Travel stories

Resting and Eating in Pamplona

The first thing I noticed in Pamplona was the energy. The buzz was positively simmering. Every time I stepped out of my hotel, it was like I was stepping into a party zone. Socializing, eating, drinking. Music.

One street in particular, Calle San Nicolas, was heaving. People spilled out of the bars. The chatter reverberated off the walls of the narrow street. The party vibe was full force at lunchtime and night. I soon discovered a similar frenzy in other northern cities along the Camino, but Pamplona was my first.

Pamplona was also my first encounter with pintxos! Or pinchos? No matter the spelling (it’s “pintxo” in the Basque language, where an x is pronounced like ch), these artfully displayed little snacks along the bartop will temp the taste buds. While tapas rein in the south, pintxos are the delectable bite of choice in the north. Another reason to love this culinary obsessed country.

Ordering is quite simple. Grab the bartender’s attention and point to a pintxo on display. Easy. Maybe point to a second. Easy peasy. They will be happy to supply details, if you ask. Keep in mind it’s snack sized, so it’s low commitment. I was under the impression that a pintxo was composed of a toasted piece of bread with a topping. My simple mind was blown away. 

The first bar I entered had a rather small display of pintxos at the bar. Instead the server handed me a menu. I ordered two – tender lamb in a pillowy soft brioche and slow poached cod in a tomato sauce. Stunned, I returned to the bar for a second round. She explained the pintxos at Bar Monasterio were “muy creativo”. Muy creativo and muy delicioso! I followed her suggestions for my next 2 pintxos – thinly sliced scallops in some delectable sauce I can’t describe and tasty shrimp dumplings. Incredible. No toasted bread in sight. Not that a toasted bread pintxo is ordinary. At Bar Iruñazarra, I was very satisfied with the pintxo of roasted pork and potatoes on toasted baguette held together with a toothpick. A toothpick is a common sight on a pincho: “pincho” comes from the verb “pinchar” which means “to pierce”. Try saying that three times in a row!

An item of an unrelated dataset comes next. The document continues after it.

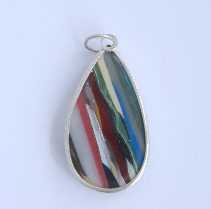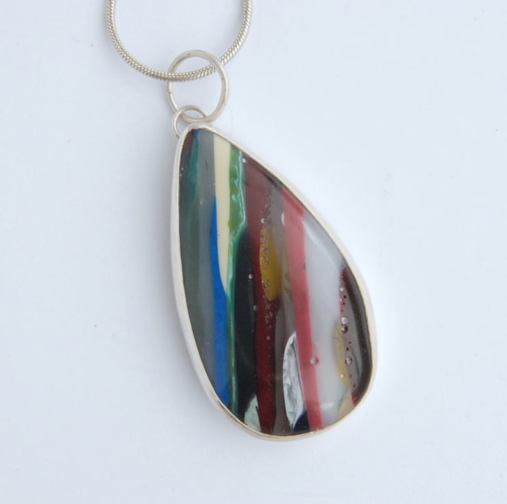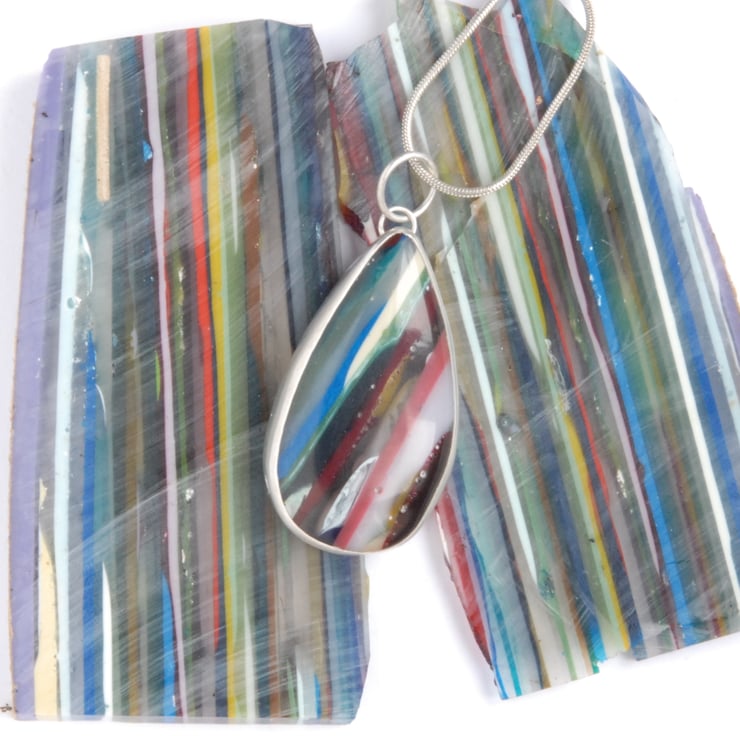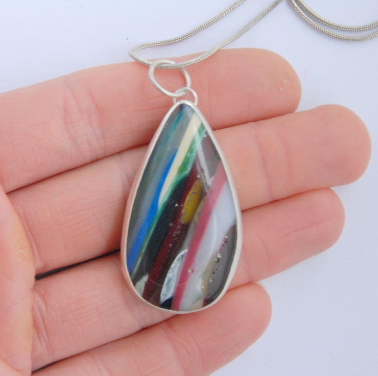 This classic teardrop shaped pendant is given a modern twist with an unusual choice of materials, it features a colourful piece of Californian surfite which has been bezel set in sterling silver. The surfite has a mixture of clear and opaque bands in white, pink, dark red, blue and green, the open backed setting means you can peer through it and see the little air bubbles trapped inside it where the layers meet. There are a few dimples on the surface caused by the air bubbles. This is quite a sizable pendant measuring 50mm (inc bail) by 24mm, it comes with a silver chain but you could easily pop it onto a rubber cord or ribbon if you wanted to. Comes in a gift box and would make a great gift for the Californian or surfer in your life.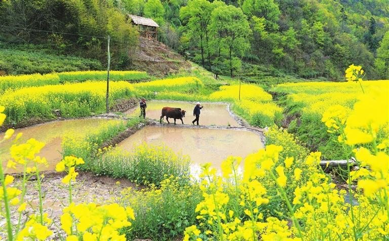 康縣陽(yáng)壩鎮(zhèn)前山村村民正在翻耕水田,準(zhǔn)備培育水稻秧苗。新甘肅·甘肅日?qǐng)?bào)通訊員 黃培軍

There is more to Pamplona than pintxos. I had a full day of touring despite trying to rest my legs. Actually I felt lucky not to have any ailments from my first four days of walking. If I did need something, like tape for fatigued muscles or blister bandages, Pamplona had a store dedicated to all things pilgrims might need. Pilgrims may not be the main visitors to this vibrant city with much to offer, but still, are very well supported. The Camino takes pilgrims into the city through an ancient gate (Portal de Francia) that feels like a drawbridge and crosses right through the historic centre on Calle Mayor.

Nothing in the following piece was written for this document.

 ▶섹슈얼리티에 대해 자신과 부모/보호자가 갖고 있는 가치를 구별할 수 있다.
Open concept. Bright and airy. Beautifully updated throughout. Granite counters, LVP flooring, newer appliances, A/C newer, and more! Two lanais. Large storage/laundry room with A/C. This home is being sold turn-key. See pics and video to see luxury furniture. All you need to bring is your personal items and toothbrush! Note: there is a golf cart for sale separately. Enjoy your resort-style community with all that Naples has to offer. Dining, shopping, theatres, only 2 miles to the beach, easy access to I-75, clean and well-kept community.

I ended my day at a “pilgrims meet-up”. We met at the tourist office where a volunteer (the Camino has many friends) provided us with some historical context on Pamplona (the city was created when 3 warring cities tore down their walls and joined forces) and led us to some sights. In Plaza Consistorial, she pointed out the markers on the ground where the wooden barriers are erected for the San Fermin festival every July. Barriers to keep the spectators out of harm’s way as the bulls rumble through the streets. 

Our last stop was the gothic Iglesia de San Saturnino. In a back room, she showed us an almost hidden image of the Virgen of the Camino. It’s only through the camera’s lens that the colourful image comes into focus.

It was a good full day in Pamplona. But it was still early when the “meet-up” concluded and I wasn’t quite good and full. Easy fix in Pamplona! Over to Bar Monasterio I went for a few more pintxos. I was well rested and well fed for my walk the next day.